Brett Smith for redOrbit.com – Your Universe Online
Biochemists at UCLA have been working to develop a ‘cage-like’ structure made of proteins to deliver materials into cells, and on Monday, the scientists announced they have successfully developed the largest-ever self-assembling molecular cage.
According to a report from the team published in Nature Chemistry, the tiny structure is made of 24 copies of a single protein and has large openings that allow for easy entrance and exit.
UCLA professor Todd Yeates has been trying to build a self-assembling protein structure since first publishing research on them on 2001. Yeates and his peers created a self-assembling cage produced from 12 pieces that fit together like pieces of a jigsaw puzzle.
“This is the first decisive demonstration of an approach that can be used to combine protein molecules together to create a whole array of nanoscale materials,” Yeates said back in 2012.
More recently, the team has been able to build a molecular cage with 24 parts, according to their Nature Chemistry report. They are presently trying to layout a molecular cage with 60 sections.
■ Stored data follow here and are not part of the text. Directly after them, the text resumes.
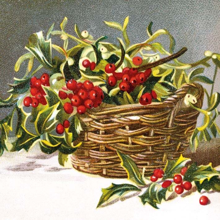 BOX SML SQ Holly And Mistletoe Basket
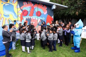 Como parte del acto protocolario, se inauguró un mural que contiene un mensaje artístico a fin de sensibilizar sobre la escasez de agua y la importancia de tomar acciones responsables. Además, se presentó una obra de teatro que complementa esta campaña de concientización dirigida a la niñez y perteneciente al programa “Cosechando Lluvia, para una Escuela Sustentable”.
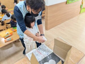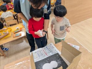 子どもたちは、出来上がった作品をみて喜んでいました😄
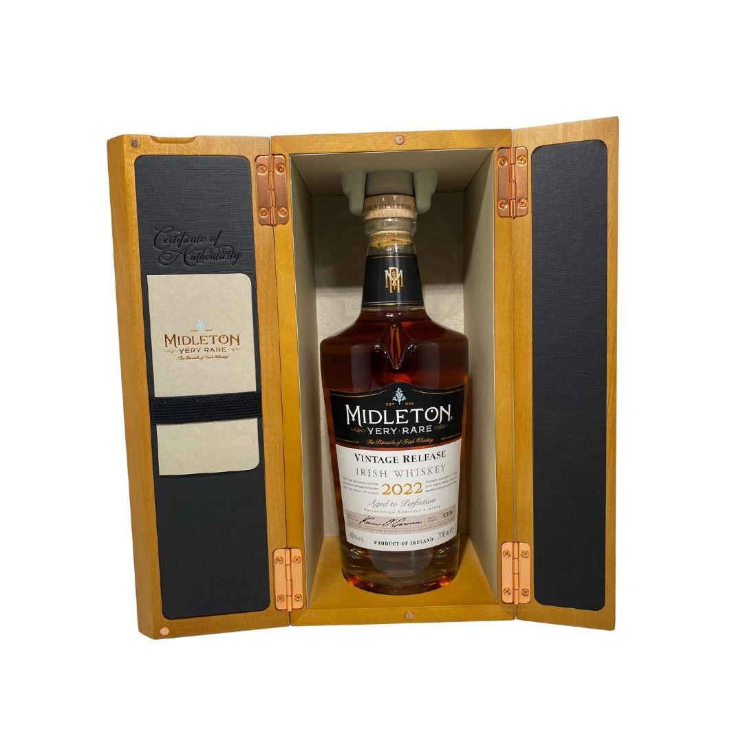 The 2022 edition to Ireland's most premium and beloved whiskey series; Midleton Very Rare. This is the 39th installment and the second release under Kevin O' Gorman appointed Master Distiller of the Midleton Distillery in 2020. Both the bottle and gift box are in very good condition, certificate and distillery invite are also included. Bottle number 13457

Constructing ever-larger cages presented new scientific difficulties, but the even bigger sizes could carry a lot more “cargo,” the study team said.
“If you just connect two random proteins together, you expect to get an irregular network,” Yeates said in discussing his 12-piece cage. “In order to control the geometry, the idea was to make a rigid link holding the two proteins in place as if they were parts of a toy puzzle.”
In theory, the structures being built by the UCLA scientists should be able to deliver some kind of cargo to the interior of a cell. However, the current structures are far too porous to pull that off.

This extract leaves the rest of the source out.